BEGIN Data shown

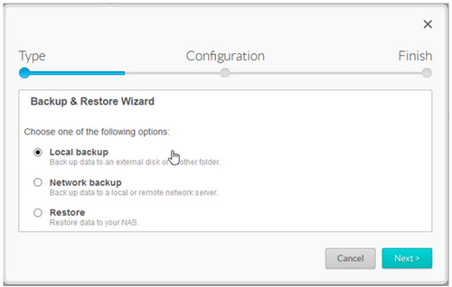 Optimized backups are incremental and only copy new or revised files. Note that certain drive file systems are not compatible with NAS OS optimized backups.
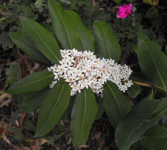 | Keywords: Acokanthera oblongifolia 2.jpg Acokanthera oblongifolia Blomme van 'n Duinegifboom in die Quail Botaniese Tuine in Encinitas Kalifornië Dit is natuurlik verspreid van die Oos-Kaapse tot KwaZulu-Natalse kus en Flowers of a Dune Poison-bush at the Quail Botanical Gardens in Encinitas California USA It naturally occurs from the Eastern Cape to KwaZulu-Natal coastline South Africa The leaves have indistinct lateral veins and are usually oblanceolate in shape The fruit are >20mm <20mm in the similar A oppositifolia Own Stickpen 2009-04-14 released to public domain Acokanthera oblongifolia |
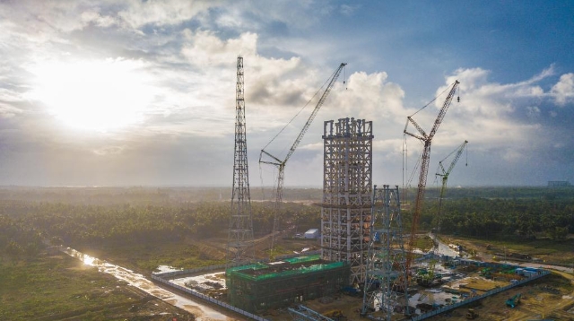 5月12日在海南省文昌市拍摄的建设中的海南商业航天发射场1号工位(无人机照片)。

END Data shown

What you need to do:
Go to the line containing "Acokanthera oblongifolia |", then write out word for word every line from there to the end of the listing. Keep both end lines and drop the pictures.

Task response:
 | Keywords: Acokanthera oblongifolia 2.jpg Acokanthera oblongifolia Blomme van 'n Duinegifboom in die Quail Botaniese Tuine in Encinitas Kalifornië Dit is natuurlik verspreid van die Oos-Kaapse tot KwaZulu-Natalse kus en Flowers of a Dune Poison-bush at the Quail Botanical Gardens in Encinitas California USA It naturally occurs from the Eastern Cape to KwaZulu-Natal coastline South Africa The leaves have indistinct lateral veins and are usually oblanceolate in shape The fruit are >20mm <20mm in the similar A oppositifolia Own Stickpen 2009-04-14 released to public domain Acokanthera oblongifolia |
 5月12日在海南省文昌市拍摄的建设中的海南商业航天发射场1号工位(无人机照片)。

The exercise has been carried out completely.